╔══

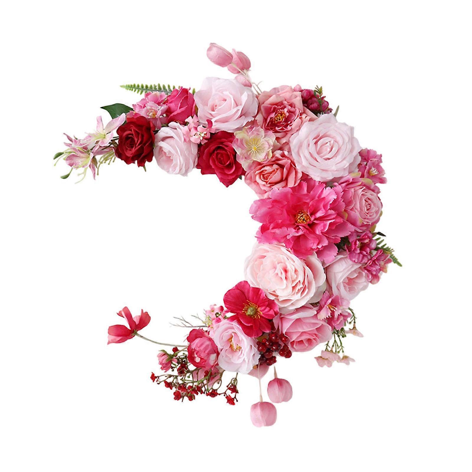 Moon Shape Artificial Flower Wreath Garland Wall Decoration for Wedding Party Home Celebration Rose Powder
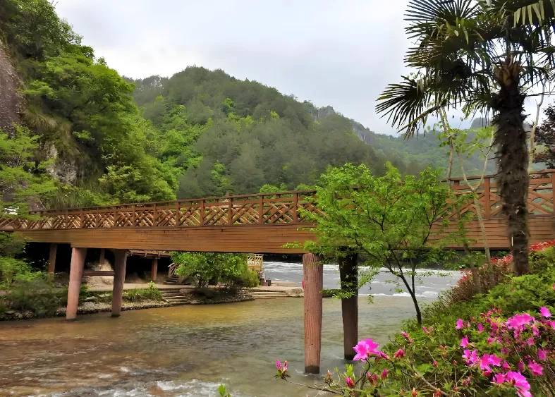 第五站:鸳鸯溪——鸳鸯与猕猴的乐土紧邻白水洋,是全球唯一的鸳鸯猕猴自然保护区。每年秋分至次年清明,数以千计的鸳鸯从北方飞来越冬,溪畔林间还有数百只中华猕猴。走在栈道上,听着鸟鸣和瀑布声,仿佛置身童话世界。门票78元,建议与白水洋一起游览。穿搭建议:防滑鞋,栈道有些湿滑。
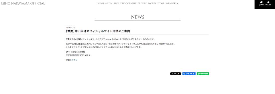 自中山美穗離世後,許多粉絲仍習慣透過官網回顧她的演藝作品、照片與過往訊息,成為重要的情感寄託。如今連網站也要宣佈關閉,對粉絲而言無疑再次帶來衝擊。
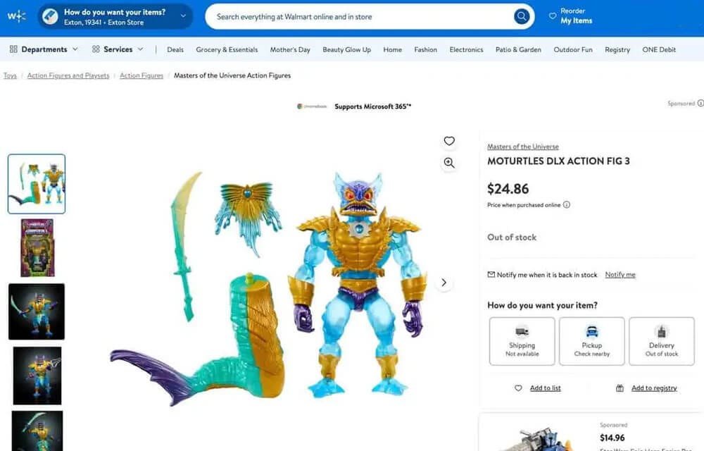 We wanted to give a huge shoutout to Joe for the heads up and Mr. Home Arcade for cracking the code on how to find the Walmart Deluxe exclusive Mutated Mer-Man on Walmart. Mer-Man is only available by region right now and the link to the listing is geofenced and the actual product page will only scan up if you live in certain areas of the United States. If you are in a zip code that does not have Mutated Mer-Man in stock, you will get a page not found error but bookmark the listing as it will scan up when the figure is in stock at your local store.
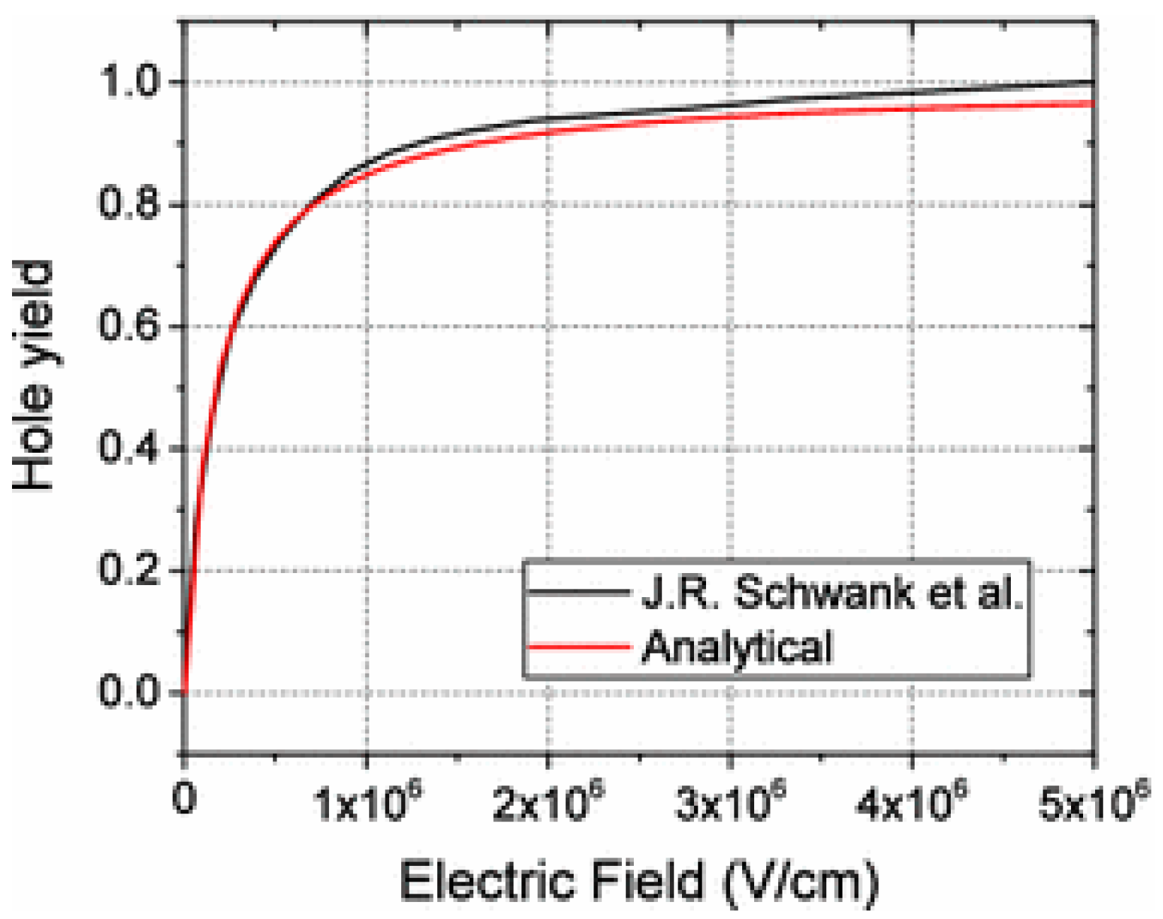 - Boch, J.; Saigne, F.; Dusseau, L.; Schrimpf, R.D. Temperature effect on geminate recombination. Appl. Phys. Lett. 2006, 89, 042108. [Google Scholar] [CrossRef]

╚══
╔══

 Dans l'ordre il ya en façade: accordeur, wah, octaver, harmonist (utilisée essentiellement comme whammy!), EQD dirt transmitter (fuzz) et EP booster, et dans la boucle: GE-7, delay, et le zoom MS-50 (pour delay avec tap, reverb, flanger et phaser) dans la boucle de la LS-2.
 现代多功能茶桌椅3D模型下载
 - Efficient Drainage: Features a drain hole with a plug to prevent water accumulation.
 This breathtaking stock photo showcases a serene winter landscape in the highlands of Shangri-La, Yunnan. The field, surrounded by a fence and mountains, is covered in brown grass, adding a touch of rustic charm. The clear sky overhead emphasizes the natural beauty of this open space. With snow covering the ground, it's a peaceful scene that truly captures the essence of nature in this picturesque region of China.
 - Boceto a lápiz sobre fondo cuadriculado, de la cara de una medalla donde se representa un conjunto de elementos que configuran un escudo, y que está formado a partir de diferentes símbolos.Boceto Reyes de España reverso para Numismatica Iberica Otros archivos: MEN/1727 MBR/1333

╚══
╔══

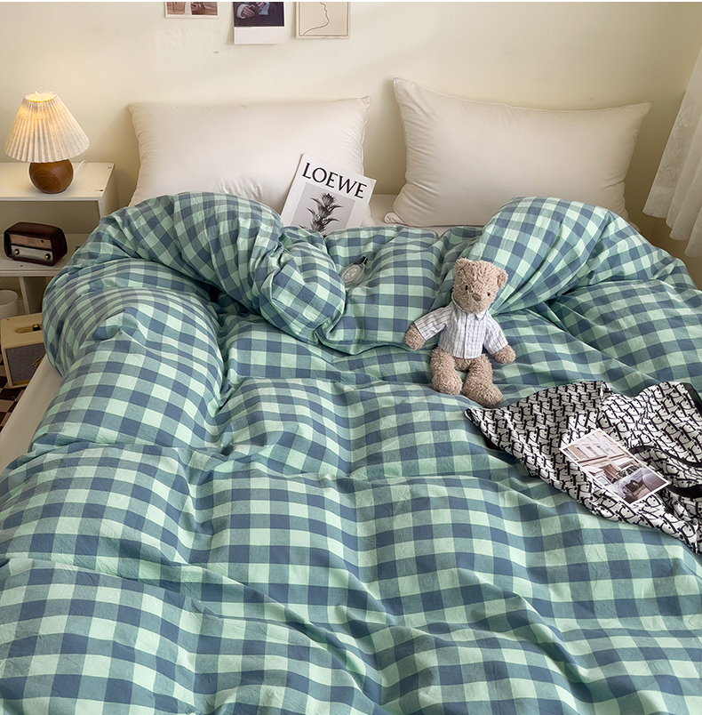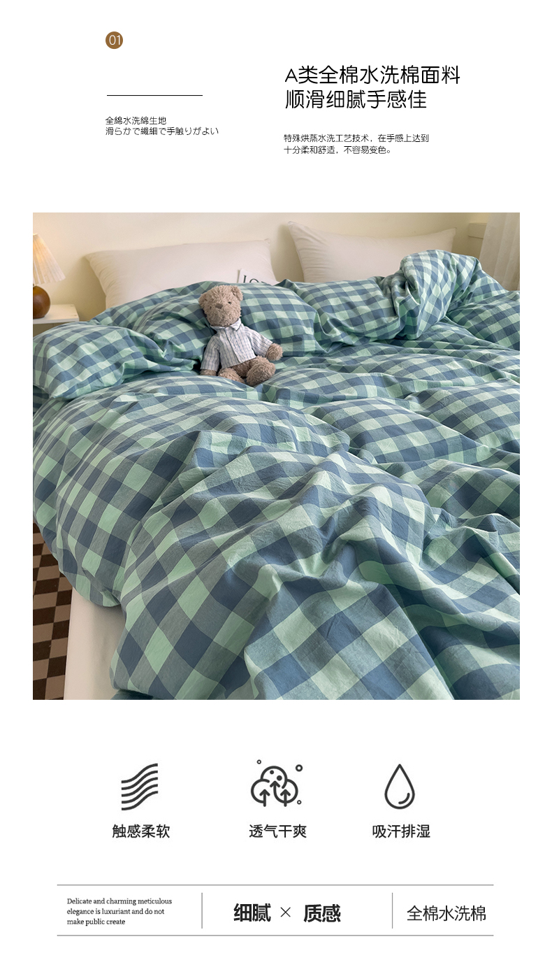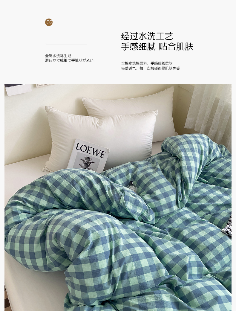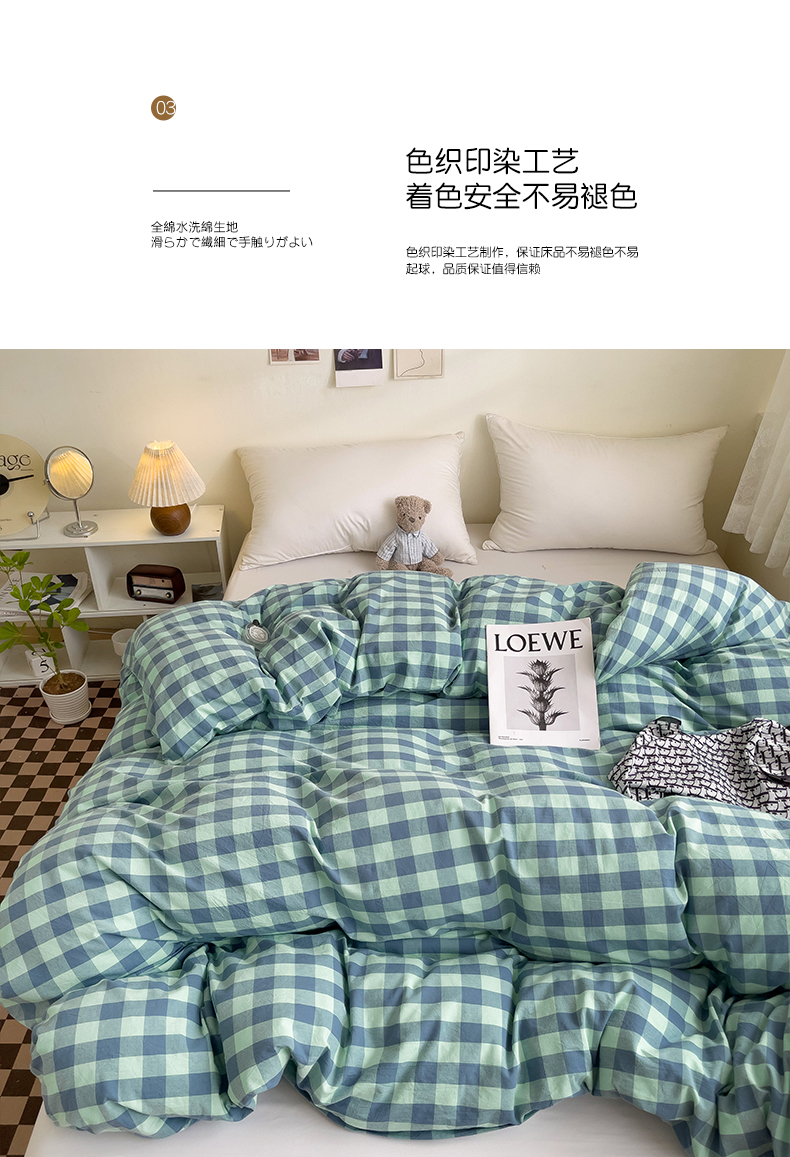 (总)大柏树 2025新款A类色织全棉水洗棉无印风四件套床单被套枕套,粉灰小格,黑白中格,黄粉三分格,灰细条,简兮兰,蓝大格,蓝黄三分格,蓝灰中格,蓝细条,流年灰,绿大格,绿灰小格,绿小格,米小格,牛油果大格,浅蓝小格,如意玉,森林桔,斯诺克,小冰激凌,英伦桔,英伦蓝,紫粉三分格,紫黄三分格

╚══

Look above for the line with "Moon Shape Artificial", then print it and each line after it down to and including the line with "- Boch, J.;". Leave out the pictures and keep the wording exact.

 Moon Shape Artificial Flower Wreath Garland Wall Decoration for Wedding Party Home Celebration Rose Powder
 第五站:鸳鸯溪——鸳鸯与猕猴的乐土紧邻白水洋,是全球唯一的鸳鸯猕猴自然保护区。每年秋分至次年清明,数以千计的鸳鸯从北方飞来越冬,溪畔林间还有数百只中华猕猴。走在栈道上,听着鸟鸣和瀑布声,仿佛置身童话世界。门票78元,建议与白水洋一起游览。穿搭建议:防滑鞋,栈道有些湿滑。
 自中山美穗離世後,許多粉絲仍習慣透過官網回顧她的演藝作品、照片與過往訊息,成為重要的情感寄託。如今連網站也要宣佈關閉,對粉絲而言無疑再次帶來衝擊。
 We wanted to give a huge shoutout to Joe for the heads up and Mr. Home Arcade for cracking the code on how to find the Walmart Deluxe exclusive Mutated Mer-Man on Walmart. Mer-Man is only available by region right now and the link to the listing is geofenced and the actual product page will only scan up if you live in certain areas of the United States. If you are in a zip code that does not have Mutated Mer-Man in stock, you will get a page not found error but bookmark the listing as it will scan up when the figure is in stock at your local store.
 - Boch, J.; Saigne, F.; Dusseau, L.; Schrimpf, R.D. Temperature effect on geminate recombination. Appl. Phys. Lett. 2006, 89, 042108. [Google Scholar] [CrossRef]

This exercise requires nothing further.